[Requirement]:
Drop the pictures and repeat the remaining data exactly.

[Data block]:
◇ ◇ ◇ ◇ ◇
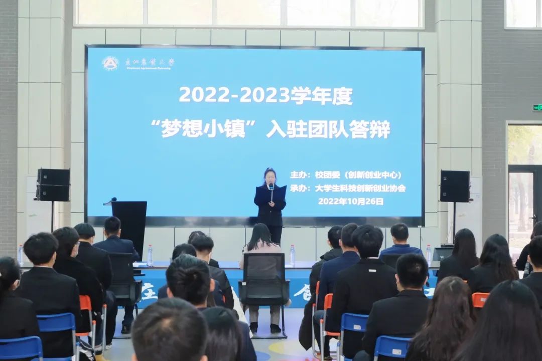 10月26日,2022-2023学年度“梦想小镇”入驻团队答辩会在“梦想小镇”连廊大厅举行。我校教务处教学管理科科长牛海燕、经济管理学院团委书记杨秀坤、创新创业中心专任教师赵兴隆、李德丽,创新创业训练指导中心主任孟繁美担任评委。
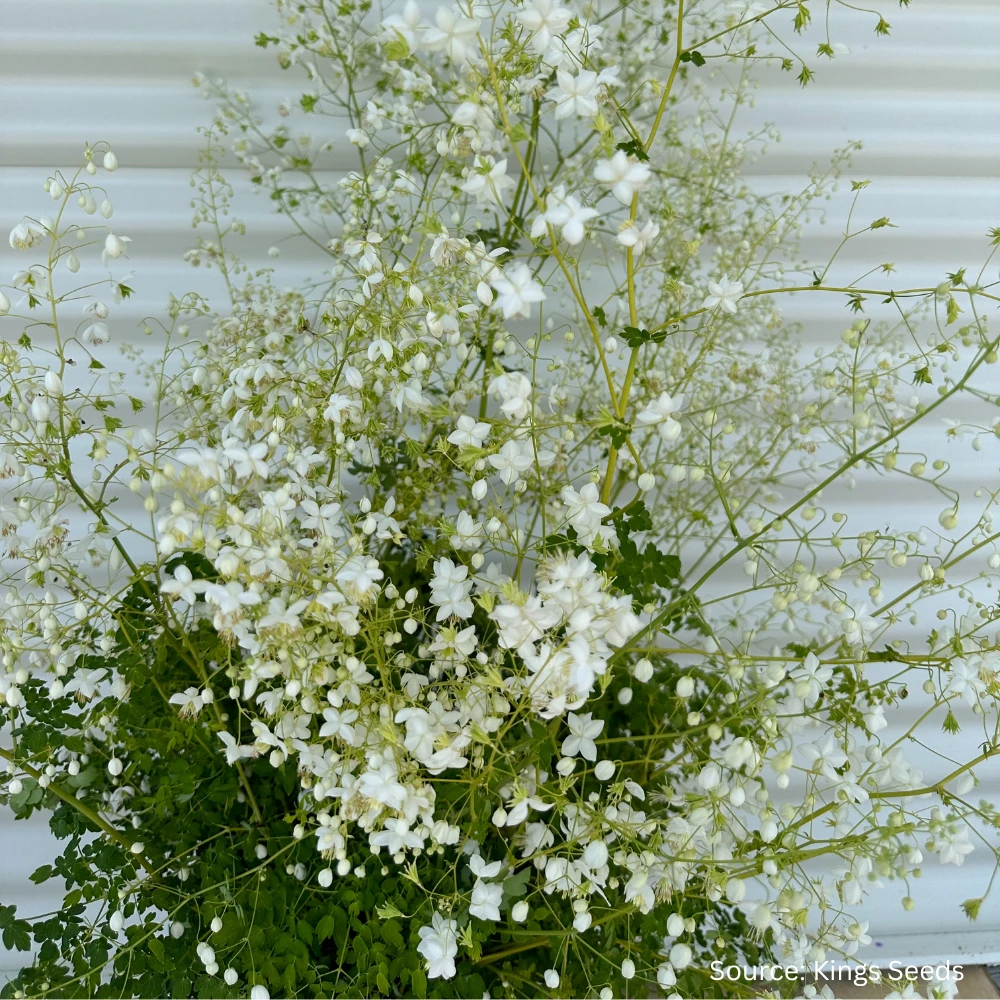 As a cut flower, Thalictrum ‘White’ offers both elegance and longevity. The wiry stems and dainty blooms add lightness and movement to floral arrangements, making it a popular filler for soft, romantic bouquets.
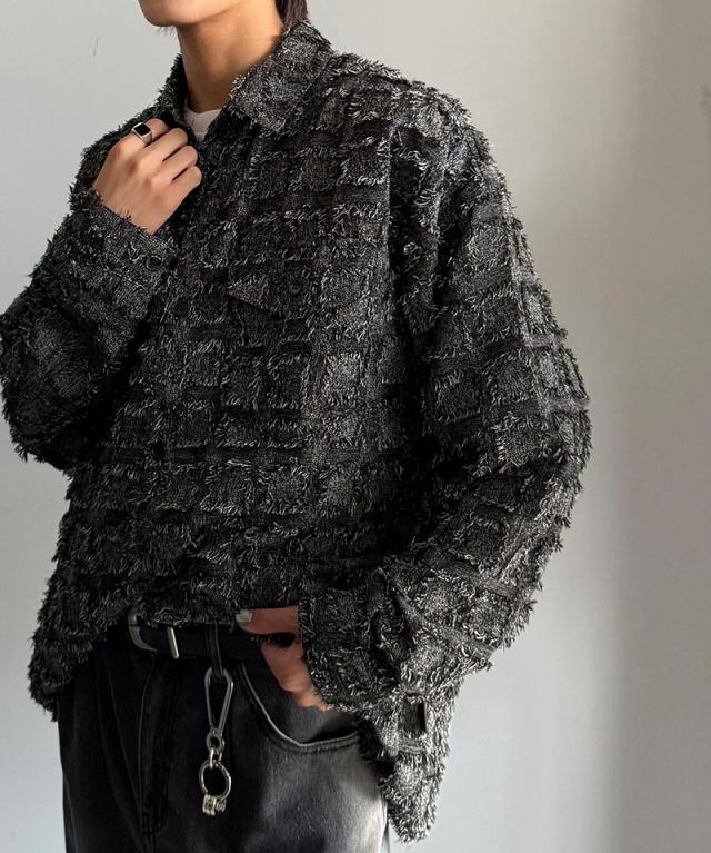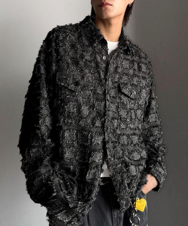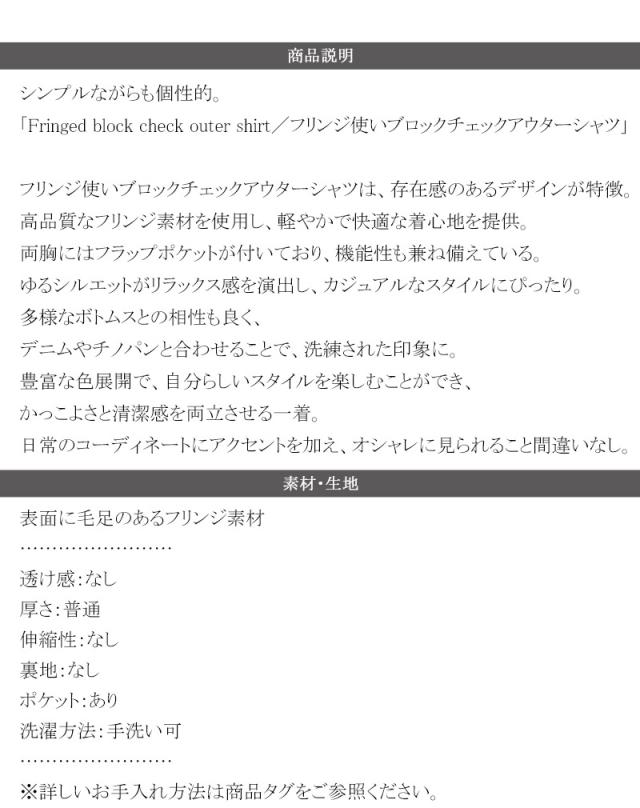 「Fringed block check outer shirt/フリンジ使いブロックチェックアウターシャツ」
◇ ◇ ◇ ◇ ◇
[Answer space]:
 10月26日,2022-2023学年度“梦想小镇”入驻团队答辩会在“梦想小镇”连廊大厅举行。我校教务处教学管理科科长牛海燕、经济管理学院团委书记杨秀坤、创新创业中心专任教师赵兴隆、李德丽,创新创业训练指导中心主任孟繁美担任评委。
 As a cut flower, Thalictrum ‘White’ offers both elegance and longevity. The wiry stems and dainty blooms add lightness and movement to floral arrangements, making it a popular filler for soft, romantic bouquets.
 「Fringed block check outer shirt/フリンジ使いブロックチェックアウターシャツ」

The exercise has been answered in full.